RL algorithms are a nightmare to get working, below are some of my notes on how to get them to run effectively -
-
Use delta-based rewards instead of kernels. For example, if you are trying to get a manipulator to a certain point $\vec{x}$, $r(t) = -k (x_{t-1} - x_t)$. In my experience this works better than rewards of the form $r(\vec{x})=f(\vec{x})$. I suspect this is because the change in the relative magnitude of the reward for making progress towards the goal vs not making progress towards the goal over a single timestep is much bigger.

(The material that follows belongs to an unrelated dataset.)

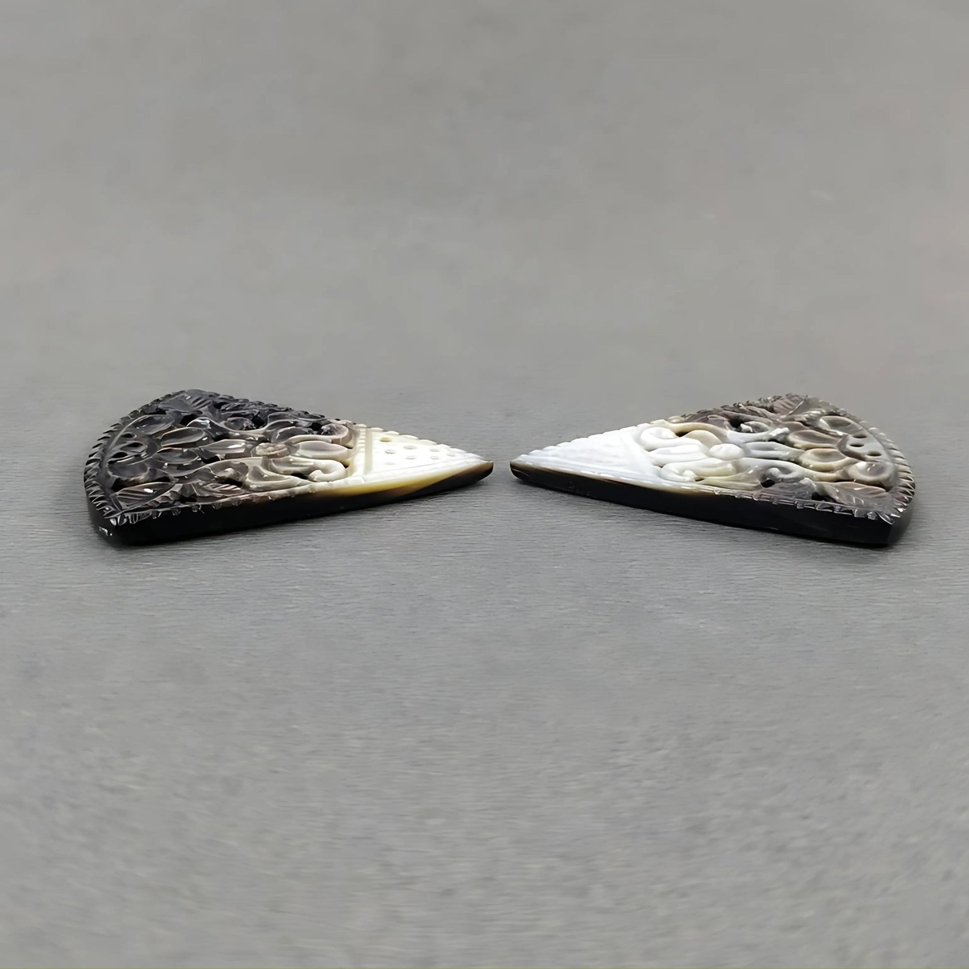 44.75cts Mother Of Pearl Gemstone Carving Natural Untreated Black Triangle Shape 36.5*32.5mm Pair

- Also when designing stuff from scratch, look for what successful papers have used as reward functions, as they will likely have experimented a lot to find the right reward function and you don’t want to repeat this work. For robot manipulation & locomotion, many of the Robotic Systems Lab papers have good references for this which are proven to transfer to the real world [1, p15] [2].
-
Episode length - depending on how you calculate advantage, do updates, and how your environment resets, having too long of an episode length can slow down training. Alternatively, if the episode length is too short your agent may not be able to complete the task.
-
Control frequency - if set too high, each completion of your task in the simulator will take many timesteps and it will take longer to train.
-
The RL algorithm that will work best for you will depend on what kind of simulator you use. On-policy algorithms such as PPO work better when it is cheap to get environment samples (fast simulator). Off-policy algorithms such as SAC work better when your simulator is very slow.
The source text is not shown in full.